Ginsburg was one of four justices who tend to vote more liberally. Trump has already appointed two conservatives to the bench, giving them a 5 to 4 majority — now 5 to 3, with Ginsburg’s death.

Hirono, who is a member of the Senate Judiciary Committee, had this thought: “I have a very simple message for Donald Trump and Mitch McConnell tonight. The best and only way to honor the life’s work of Justice Ginsburg, a giant of a jurist, is to honor her fervent final wish that she not be replaced until a new president is installed.”

For his part, Schatz quoted the Notorious RBG, as she was fondly called, herself: “My most fervent wish is that I will not be replaced until a new President is installed.”

Schatz also quoted McConnell from March 2016: “The American people should have a voice in the selection of their next Supreme Court Justice. Therefore, this vacancy should not be filled until we have a new president.”

McConnell said Friday, however, that Trump’s nominee will receive a full Senate vote. That’s according to The Washington Post. And ABC News reported that the president is expected to put forth a nominee in the coming days.

A Visitor To The Islands

Ginsburg visited Hawaii several times, including as a sitting justice, and she was widely admired. During a 2017 visit, a student asked Ginsburg about whether she thinks immigrants benefit the country.

The justice, as Civil Beat reported, said the inscription at the bottom of the Statue of Liberty welcoming immigrants “inspires me to this day.”

“I think of the U.S. as a place that welcomes people from abroad who want to work and who are yearning to be free,” she said. “It’s disheartening to see that there are some people who don’t agree with that view who think our borders should be closed. But it’s not the first time in U.S. history that has happened.”

Ginsburg took part in the U.S. Supreme Court Jurists-in-Residence program run by the William S. Richardson School of Law at the University of Hawaii — her third time to participate in the program, which she also joined in 2004 and 1998.
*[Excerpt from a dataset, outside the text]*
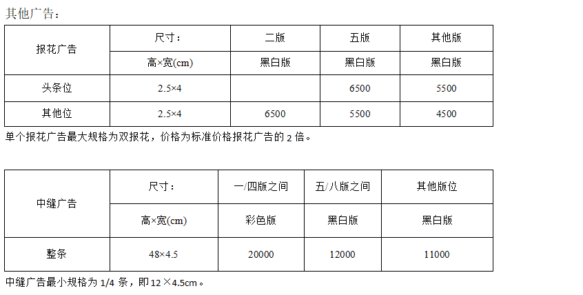 指定非廣告版加收10000元,指定版位加收5000元;三天內加急加收廣告價格的20%。

Hawaii Supreme Court Chief Justice Mark E. Recktenwald released this statement Friday:

It is with great sadness that I learned of the passing of Justice Ruth Bader Ginsburg today. Justice Ginsburg was a legal giant: a brilliant jurist who tirelessly worked to ensure that our nation’s promise of justice for all was kept.

She was also a courageous and inspirational role model, both professionally and personally. We were honored to have her visit the Hawaii Supreme Court on several occasions. Most recently, she visited our court in 2017, when she met with the justices and members of the bar, and then graciously spoke about her experiences and her love of Hawaii with law clerks and staff attorneys.

On behalf of the Hawaii Judiciary, we send our deepest sympathy and fond aloha to her family.